Vilijampolė is a neighborhood in the city of Kaunas, Lithuania, located on the right bank of the Neris River and the Nemunas River, near their confluence. Part of a larger Vilijampolė elderate which consists of Vilijampolė, Lampėdžiai, Panerys, and Veršvai neighorhoods, and covers 1438 hectares with population of 23,687 people.

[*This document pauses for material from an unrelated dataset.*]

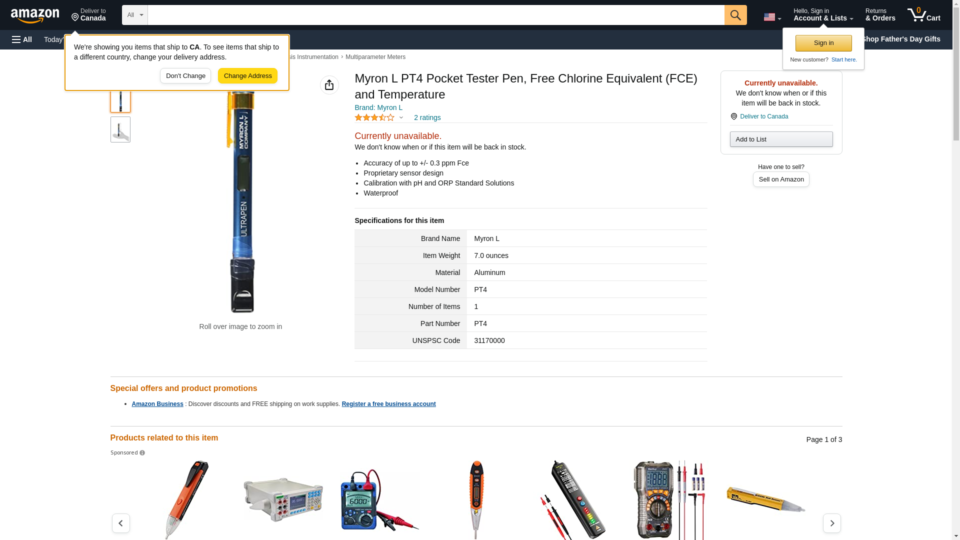 Myron L PT4 Pocket Tester Pen, Free Chlorine Equivalent (FCE) and Temperature

In the past, it was a separate town from Kaunas. The Jews are known to have settled here since the fourteenth century. Due to this the place was referred to as Judenstadt, 'Jewtown'. The popular nickname Slabotkė is still in use, derived from the Polish name of the place, Słobódka Wiliampolska. The word Wiliampolska is an adjective from "Wiliampol" ("Wilia town"), derived from the Slavic name of the nearby Neris river - Wilia; and "słobódka" means "little sloboda", i.e. 'little free settlement'. Later this name was Lithuanised into "Vilijampolė". Historically, it was the home of the Slabodka yeshiva, or Yeshivas Knesses Yisrael, and the main site of the Nazi-imposed Kaunas Ghetto, from 1943 the Kaunas concentration camp (KZ Kauen).

The Lithuanian Veterinary Academy campus is located in the neighbourhood. Two bridges across the Neris connect Vilijampolė with the main part of the city. Petras Vileišis Bridge connects the district with the Old Town and Varniai Bridge with the neighbourhood of Žaliakalnis.